Follow the progress of sports betting implementation in Michigan by checking back to this page often.

Michigan’s sports betting timetable

It’s been a tough start for sports betting in Michigan. On March 11th and 12th MGM Grand Detroit, Greektown Casino and MotorCity Casino all took their first retail sports bets, with plenty of additional books ready to follow. March Madness 2020 was going to kick off the state’s fledgling industry, but due to public health concerns over the COVID-19 pandemic the tournament was cancelled and casinos were temporarily forced to close their doors, placing a hold on sports betting.

Retail casinos began opening their doors for customers in mid-summer 2020, but at severely reduced capacity, and many other health and safety restrictions. Lawmakers are seeing the need for online casinos and sportsbooks to generate revenue and keep people home.

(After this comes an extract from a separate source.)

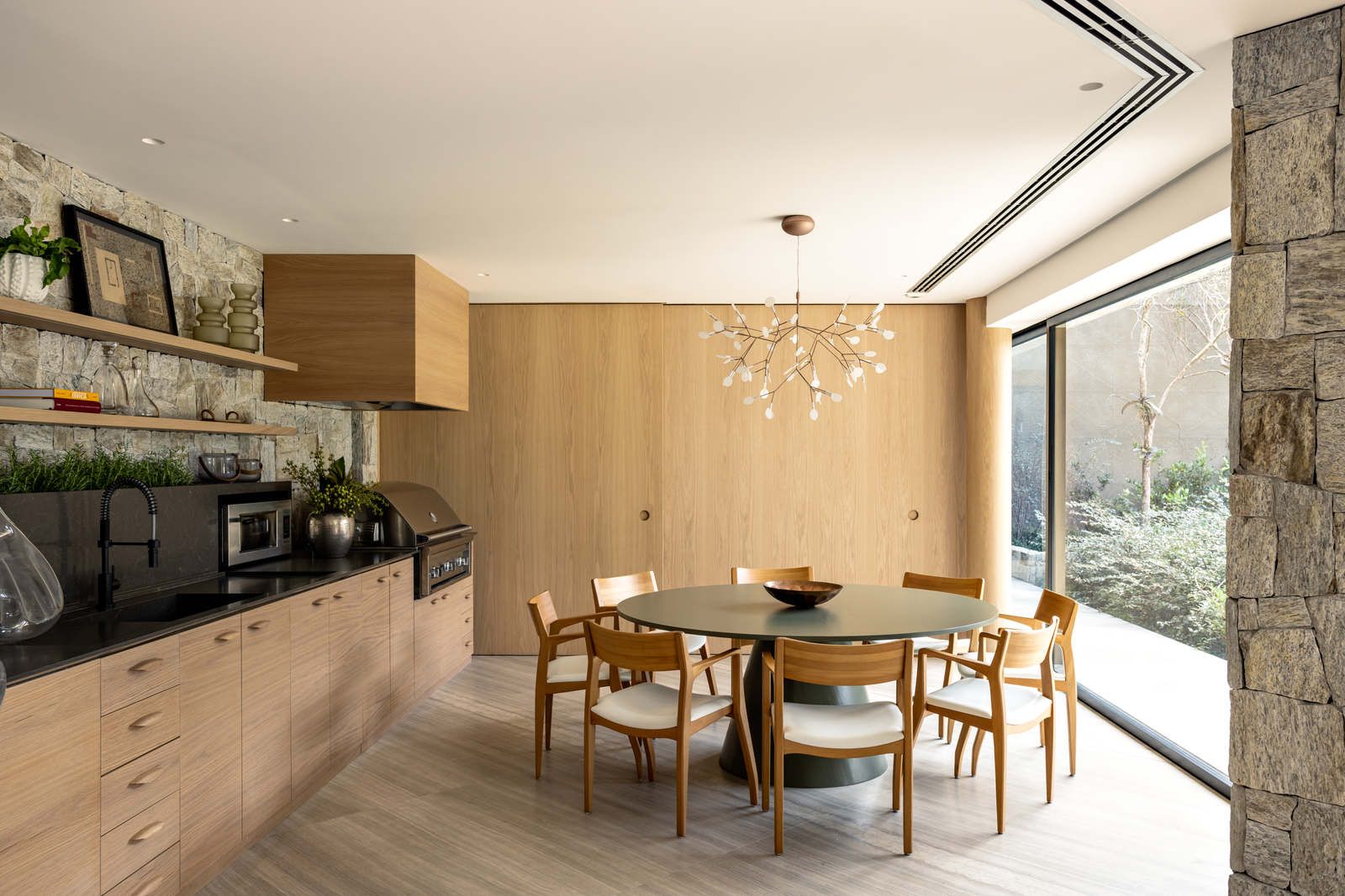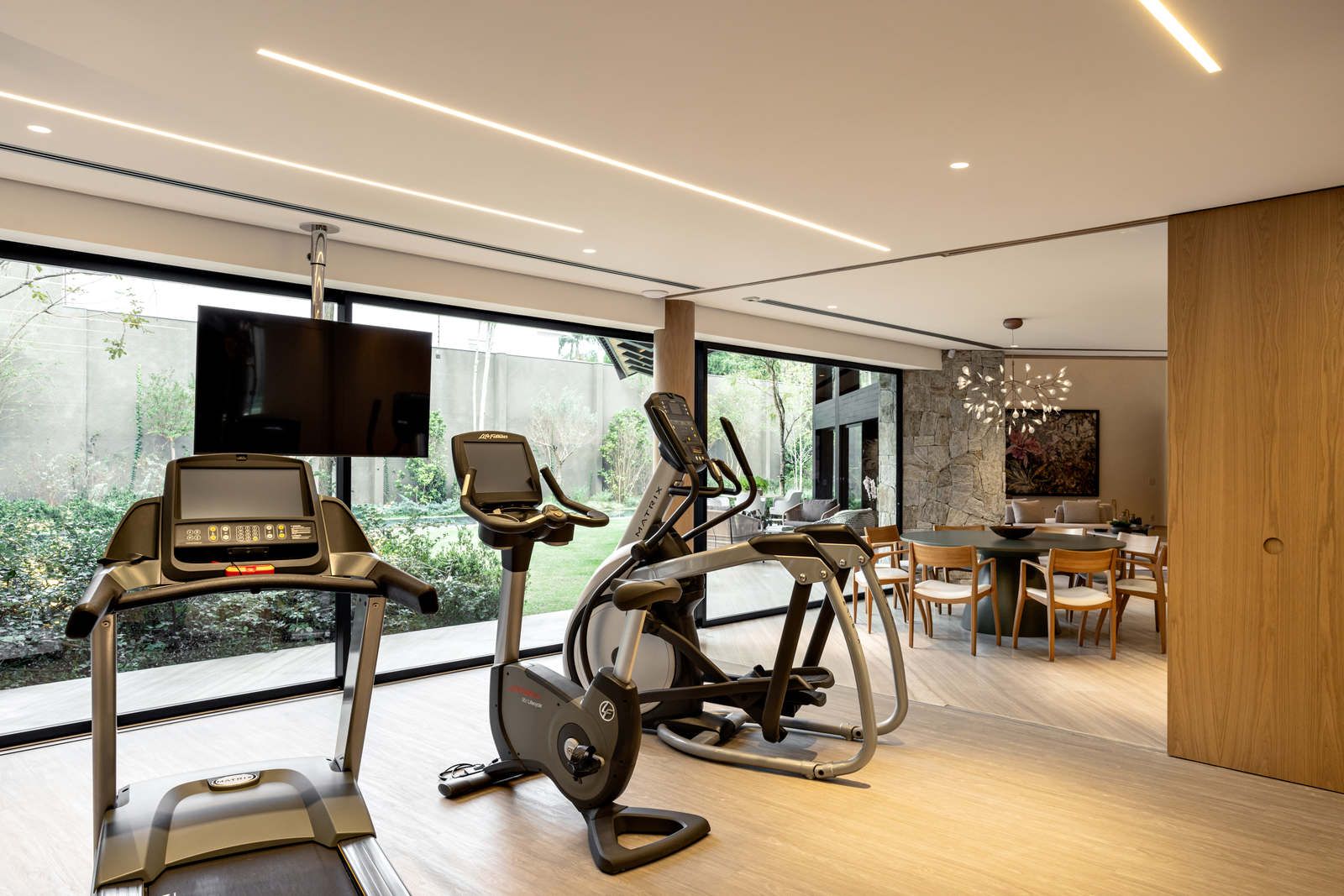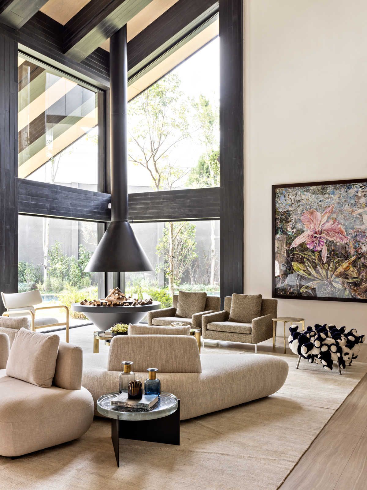 Esta casa com espaços amplos e pé-direito alto é um projeto assinado pela arquiteta Bia Prado. Antes da reforma, que levou 14 meses, a casa tinha uma arquitetura característica da década de 1980, com espaços muito compartimentados e sem integração. Por conta disso, o principal objetivo da reforma foi atualizar a construção para os dias atuais, a partir de escolhas mais contemporâneas.

On the other hand, many of Michigan’s tribal casinos are already back in business. Regulated by their own gaming commission instead of the state, they did not fall under the Governor’s stay-at-home order. Some facilities have been welcoming guests, with increased precautions, since as early as May 29th. Additional safety measures include decreased capacity, mandatory temperature checks, additional cleaning, plus all staff are required to wear masks and gloves.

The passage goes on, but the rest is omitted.